Try to change the third line to:
int main(int arg,char **argv)
The common method to use dynamic matrices is to use a pointer to pointer to something, and then allocate both "dimensions" dynamically:
int **arr = malloc(sizeof(*arr) * rows);
for (int i = 0; i < rows; ++i)
arr[i] = malloc(sizeof(**arr) * col);
Remember that to free the matrix, you have to free all "rows" in a loop first.
int rows = atoi(argv[1]);
int col = atoi(argv[2]);
int rows =3;
int col=3;
int i,j;
You are defining rows and col twice.... that would never work!

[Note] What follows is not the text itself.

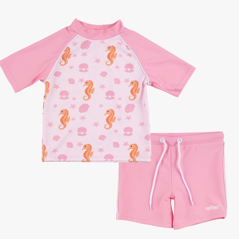 UV-beskyttende, todelt badesett laget av resirkulert polyamid. Innslag av elastan gjør badedrakten ekstra fleksibel og behagelig. Overdelen har korte ermer og badeshortsen snøring i livet. Navnelapp i både bukse og overdel.

With traditional C, you can only have the array[][] structure for multiple dimension arrays work with compile time constant values. Otherwise, the pointer arithmetic is not correct.

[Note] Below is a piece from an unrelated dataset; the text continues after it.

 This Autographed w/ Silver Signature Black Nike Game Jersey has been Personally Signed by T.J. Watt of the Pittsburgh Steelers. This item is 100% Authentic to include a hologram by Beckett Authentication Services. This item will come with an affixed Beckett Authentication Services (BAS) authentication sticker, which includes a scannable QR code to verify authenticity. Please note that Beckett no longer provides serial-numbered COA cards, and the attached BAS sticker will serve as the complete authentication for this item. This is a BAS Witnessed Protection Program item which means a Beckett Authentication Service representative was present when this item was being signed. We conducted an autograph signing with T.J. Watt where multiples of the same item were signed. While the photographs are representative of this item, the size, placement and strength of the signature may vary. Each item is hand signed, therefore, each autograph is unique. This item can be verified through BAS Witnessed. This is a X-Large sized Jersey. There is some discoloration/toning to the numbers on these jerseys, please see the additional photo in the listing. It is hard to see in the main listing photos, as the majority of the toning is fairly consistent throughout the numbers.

For dynamically sized multi dimensional arrays (those where rows and cols are determined at runtime), you need to do additional pointer arithmetic of this type:
int *a;
int rows=3;
int cols=4;
a = malloc(rows * cols * sizeof(int));
for (int i = 0; i < rows; ++i)
for (int j = 0; j < cols; ++j)
a[i*rows + j] = 1;
free(a);
Alternatively, you can use double indirection and have an array of pointers each pointing to a one dimensional array.
If you are using GCC or any C99 compiler, dynamic calculation of multiple dimension arrays is simplified by using variable length arrays:
// This is your code -- simplified
#include <stdio.h>
int main(int argc, const char * argv[])
{
int rows = atoi(argv[1]);
int col = atoi(argv[2]);
// you can have a rough test of sanity by comparing rows * col * sizeof(int) < SIZE_MAX
int arr[rows][col]; // note the dynamic sizing of arr here
int ct=1;
for (int i=0;i<rows;i++)
for(int j=0;j<col;j++)
arr[i][j]=ct++;
printf("printing array \n");
for (int i=0;i<rows;i++)
{
for(int j=0;j<col;j++)
{
printf("%d \t",arr[i][j]);
}
printf("\n");
}
return 0;
} // arr automatically freed off the stack
With a variable length array ("VLA"), dynamic multiple dimension arrays in C become far easier.
Compare:
void f1(int m, int n)
{
// dynamically declare an array of floats n by m size and fill with 1.0
float *a;
a = malloc(m * n * sizeof(float));
for (int i = 0; i < m; ++i)
for (int j = 0; j < n; ++j)
a[i*n + j] = 1.0;
free(a);
}
With VLA you can write to do the same:
void f2(int m, int n)
{
// Use VLA to dynamically declare an array of floats n by m size and fill with 1.0
float a[m][n];
for (int i = 0; i < m; ++i)
for (int j = 0; j < n; ++j)
a[i][j] = 1.0;
}
Be aware that unlike malloc / free VLA's handling of requesting a size larger than what is available on the stack is not as easily detected as using malloc and testing for a NULL pointer. VLA's are essentially automatic variables and have similar ease and restrictions.
VLA's are better used for smaller data structures that would be on the stack anyway. Use the more robust malloc / free with appropriate detection of failure for larger data structures.
If you are not using a fairly recent vintage C compiler that supports C99 -- time to get one.